UK regulators have asked property and casualty insurers to stress test their capital reserves against catastrophes, including a synchronized terrorist attack in London, New York and one other major city.
The Prudential Regulation Authority (PRA) published the exercises last week and the results of the tests must provide details of gross and net losses after claiming for reinsurance, according to the document on its website.
Insurers must complete the stress tests, the first in four years, by October as they rush to get their capital requirements models approved before Europe-wide Solvency II rules come into effect next year.
Among the 11 scenarios, insurers have to stress test for a global terrorist attack where two-ton bombs are detonated simultaneously at 3 p.m. near the Lloyd’s of London building and outside New York’s Nasdaq Stock Exchange and a third at peak hour in either Paris, Frankfurt, Hong Kong, Singapore or Sydney.
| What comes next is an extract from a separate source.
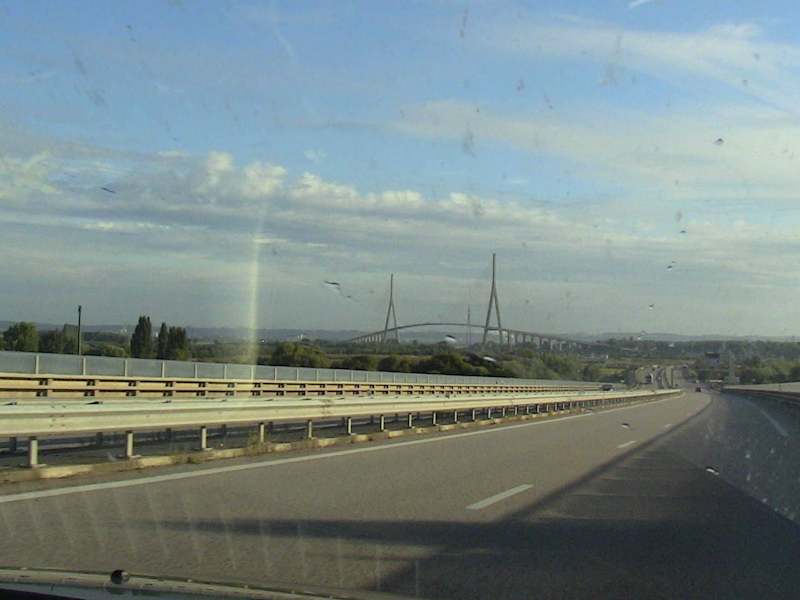 Die Brücke über die Seine-Mündung hat eine Spannweite von 856 Metern und ist damit die längste Schrägseilbrücke in Europa. Die 200 Meter hohen Pylone beeindrucken schon von weitem. Die Fahrbahn befindet sich in luftiger Höhe, bei höchstem bekannten Wasserstand ist man immer noch mehr als 50 Meter über dem Fluss.

Other disaster scenarios include testing for two severe European windstorms followed by a severe flood in the south of England or a wind event where three hurricanes the size of Hurricane Katrina or Rita hit in the same year in the U.S.
Insurers also have to test for a geomagnetic storm that wipes out power grids, an economic shock in the euro area, a surge in large motor insurance claims or a supply-chain event where a disaster like the tsunami in Japan prevents companies from doing business.
The Financial Times reported the PRA’s plans earlier.